The beauty of an epic film often moves me to prayer on a deeper level than I typically experience day in and day out. There is something about such a film that awakens the depths of my humanity and causes me to cry out for more of the beauty of God. I hope that if I do ultimately pursue Middle Eastern dance performance publicly that my dancing will be an act of beauty and an invitation to prayer. "To the pure, all things are pure, but to those who are corrupted and do not believe, nothing is pure. In fact, both their minds and consciences are corrupted" (Titus 1:15). We'll see.*

Peter Kreeft in Catholic Christianity had the following to say about beauty:

"The experience of beauty often leads to God more directly and intuitively than does a process of argument. 'There is the music of Mozart, therefore there must be God'--you either see this or you do not."

"Our desire for joy, for a joy we can never find in this world, even from other people, points to another world (heaven) and another Person (God): for every natural, innate, and universal desire corresponds to a reality that can satisfy it.
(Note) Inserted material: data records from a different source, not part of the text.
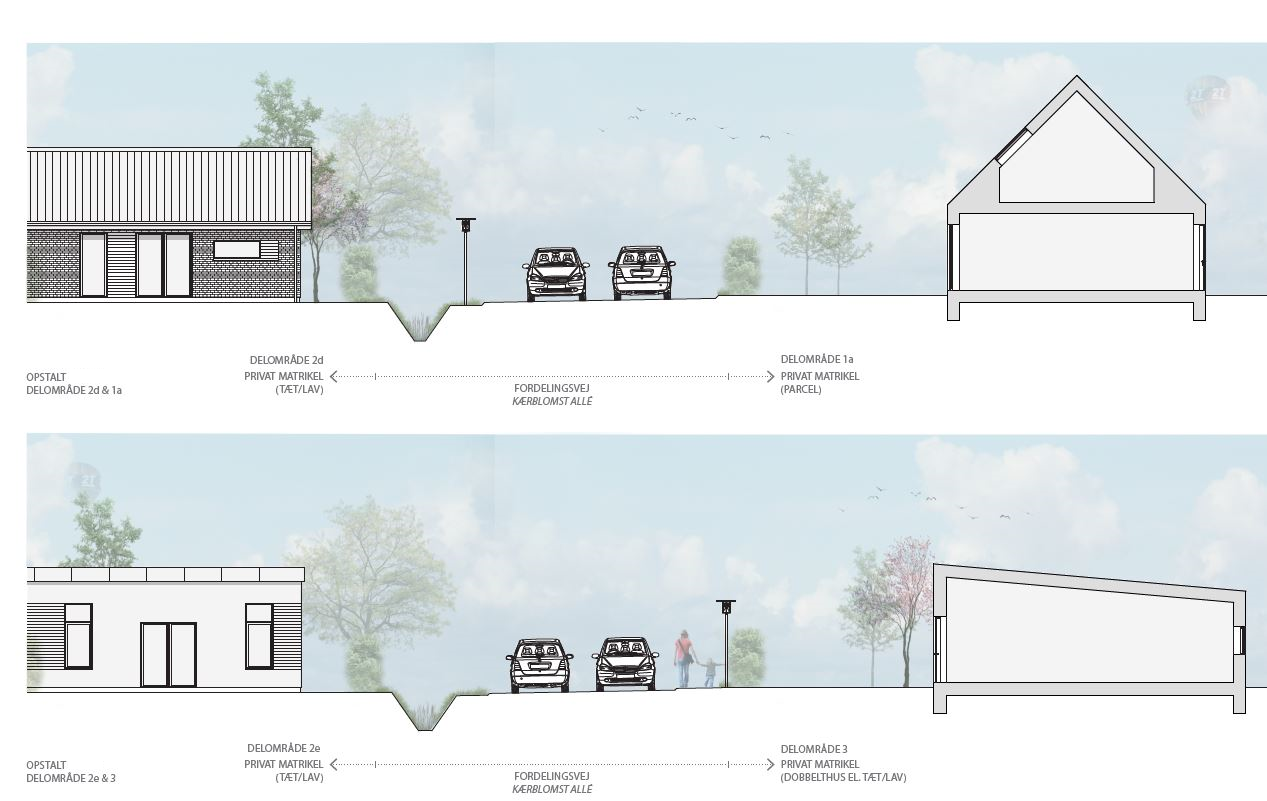 Den nye planlægning muliggør boligbebyggelse i én til to etager med en maksimal højde på 8,5 meter. Nedenfor er angivet snittegninger, som eksempler på byggeriet og forholdet til de nærmeste omgivelser.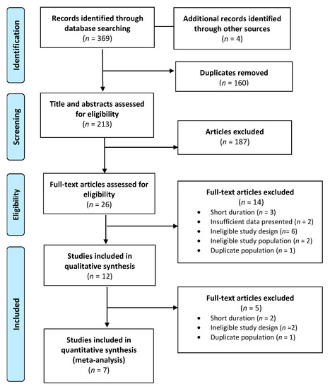 A total of 369 publications were identified in the database search and 160 duplicates were discarded. Following title and abstract screening, 26 articles met the inclusion criteria, and their full texts were reviewed for eligibility. After further exclusions were applied based on the exclusion criteria, a total of 7 publications were assessed for methodological quality and underwent data extraction. A final total of 7 publications (Figure 1) were included in the systematic review (Table 2) and meta-analysis (Table 3) [,,,,,,].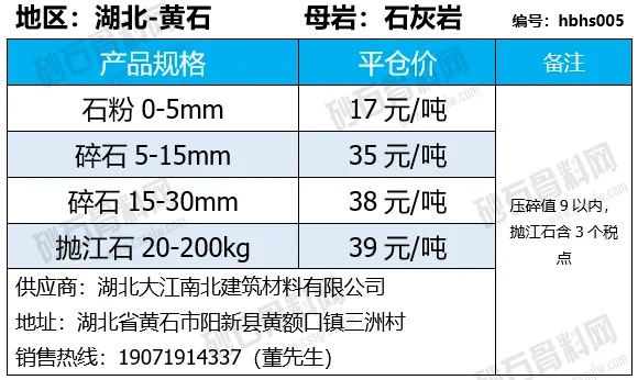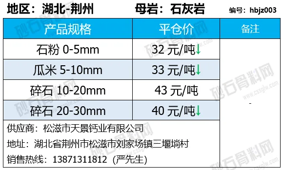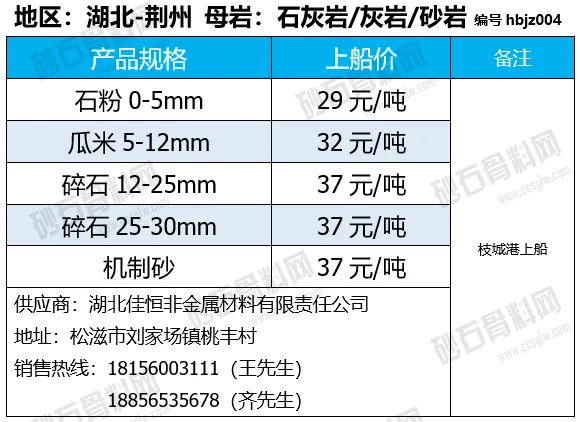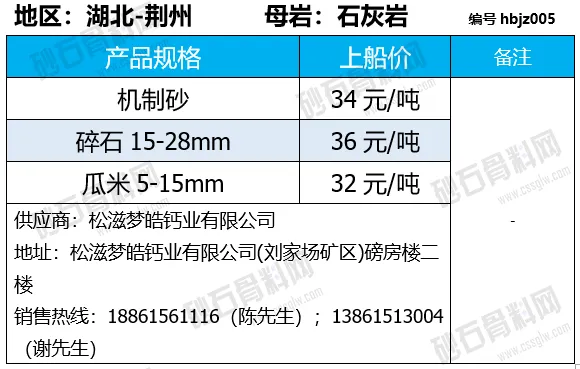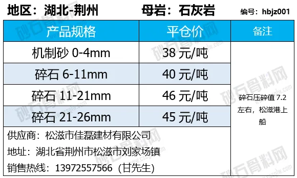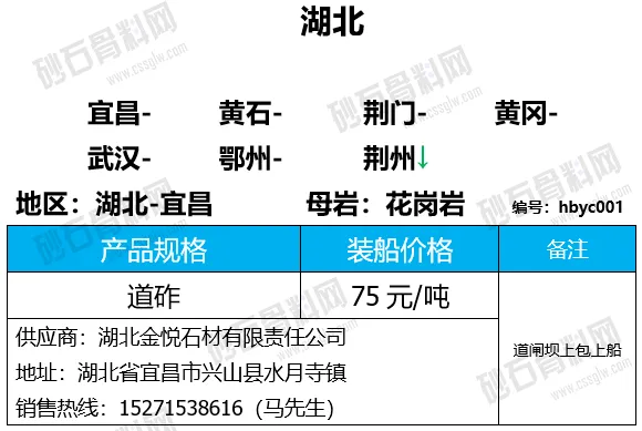 湖北荆州碎石下降1-3元/吨;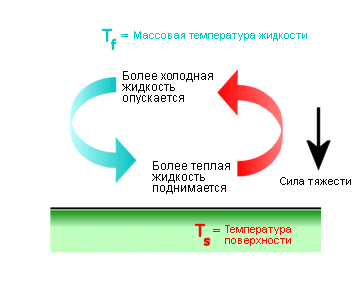 Движение жидкости или газа, примыкающих к поверхности твердого тела, вызывается силами выталкивания, на которые оказывает влияние изменение в плотности жидкости или газа благодаря разнице температур между твердым телом и жидкостью или газом. Когда горячая пластина оставлена остывать на воздухе, частички воздуха, соприкасающиеся с поверхностью пластины, нагреваются, их плотность уменьшается и потому они движутся вверх.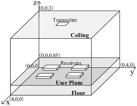 where represents additive white Gaussian noise (AWGN) with zero mean and variance . denotes the channel coefficient between the LED transmitter and m-th user. Since the power of the non-line-of-sight (NLOS) signals is much weaker than that of the line-of-sight (LOS) signal for VLC channels, we assume that LOS links between the transmitter and the receivers [20,21]. Then, is determined by: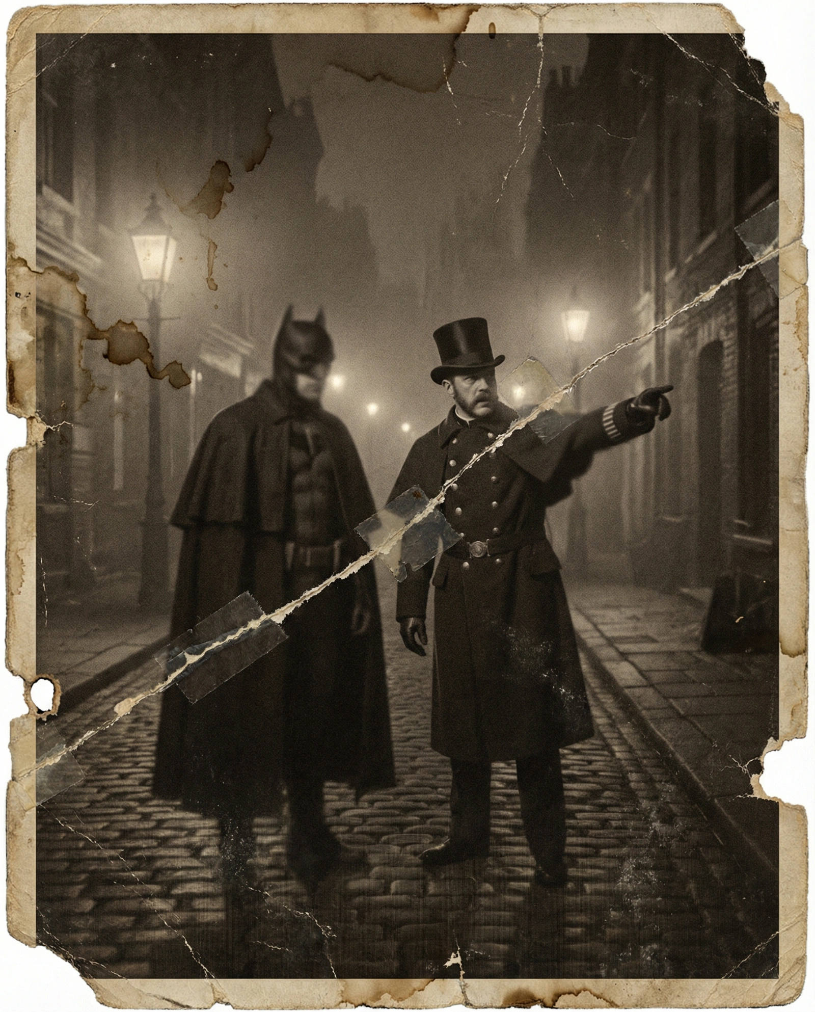 A photographic image in the style of 1870, [a foggy Victorian-era city street at night], with [a Batman-like masked vigilante] and [a top-hatted police officer] described in period-accurate wool coats, capes, and leather gloves, [the vigilante standing protectively beside the officer as the officer gestures urgently toward the shadows]. The photo has an aged and worn appearance, as it was taken in 1870. It features prominent time-induced chemical stains, heavy grain, sepia toning, and deep scratches. Significantly reduce the sharpness so that the details of the [Batman-like vigilante] are not crisp, making the [Batman-like vigilante] blurry and low-fidelity. Greatly increase the wear of the photo, including small tears, missing corners, water damage, and small wormholes caused by insect damage. Add a prominent, jagged diagonal cut across the photo, mended clumsily with old, discolored tape.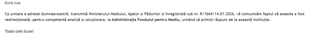 Iar pentru că nu se auzea nimic de programul Casa Verde 2026, am zis să întreb direct la sursă, la Ministerul Mediului. Și le-am scris pe mail. Iar răspunsul lor e din epoca USL. O apreciez pe ministra Oana Buzoianu, chiar apreciez felul cum se luptă cu mafia pădurilor, deșeurilor, apelor, etc. Dar răspunsul primit nu intră la categoria 5 stele. Practic, am primit un răspuns din seria: nu-i la noi problema. Deși e la minister. Ok, AFN implementează proiectul, dar banii și lista de proiecte de la minister vin, iar ministerul să nu știe ce are în ogradă?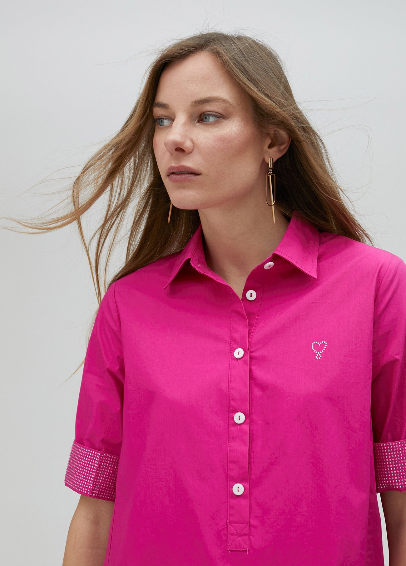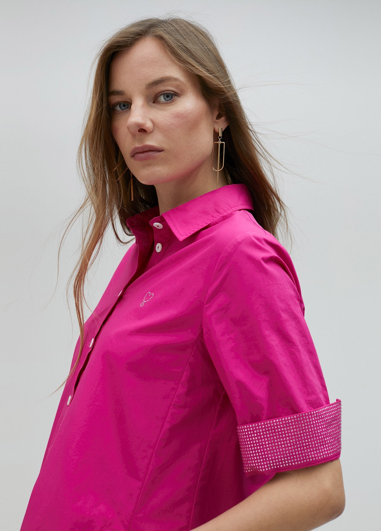 Short shirt dress with matching rhinestones on the sleeves, side pockets and a pleat at the back.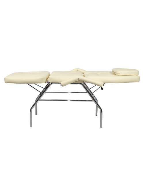Каркас изготовлен из хромированного металла и рассчитан на нагрузку до 120 кг. Эта кушетка выполнена в стандартных размерах и является удобной для клиентов практически с любым ростом.
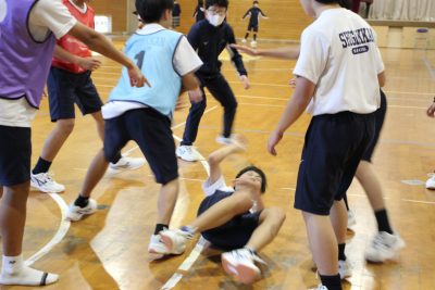 2学期終盤のLHRで中学1年生は学年レクリエーションをしました。「自分たちで内容は決めていいよ」と任せたところ、男子は8対7のバスケットボール。どう見ても多い、多すぎる。女子は前半はダンスの練習。君たちはどこまで踊るのが好きなんだ。そして後半はドッジボールでした。仲の良い35期生です。

The reality of hunger shows the reality of food; the same is true of the hunger for God and heaven" (34).



* This passage captures my heart's desires to romance others to God through the beauty of my dance performances . . . one day.

The Women: "Dance, dance, girl of Shulam. Let us watch you as you dance.

The Woman: "Why do you want to watch me as I dance between the rows of onlookers?"

The Man: "What a magnificent girl you are! How beautiful are your feet in sandals. The curve of your thighs is like the work of an artist. A bowl is there, that never runs out of spiced wine. A sheaf of wheat is there, surrounded by lilies. Your breasts are like twin deer, like two gazelles. Your neck is like a tower of ivory. Your eyes are like the pools in the city of Heshbon, near the gate of that great city. Your nose is as lovely as the tower of Lebanon that stands guard at Damascus. Your head is held high like Mount Carmel. Your braided hair shines like the finest satin; its beauty could hold a king captive."

Song of Songs 6:13 -7:5 TEV

(You know, from the sound of that last passage of Scripture, I'm thinking I should say that at least I can romance my some-day husband to reflect on God. Haha. That book is so steamy. Only my husband would be allowed to say after seeing me dance, "Your breasts are like two gazelles." And he'd better be joking. Haha.)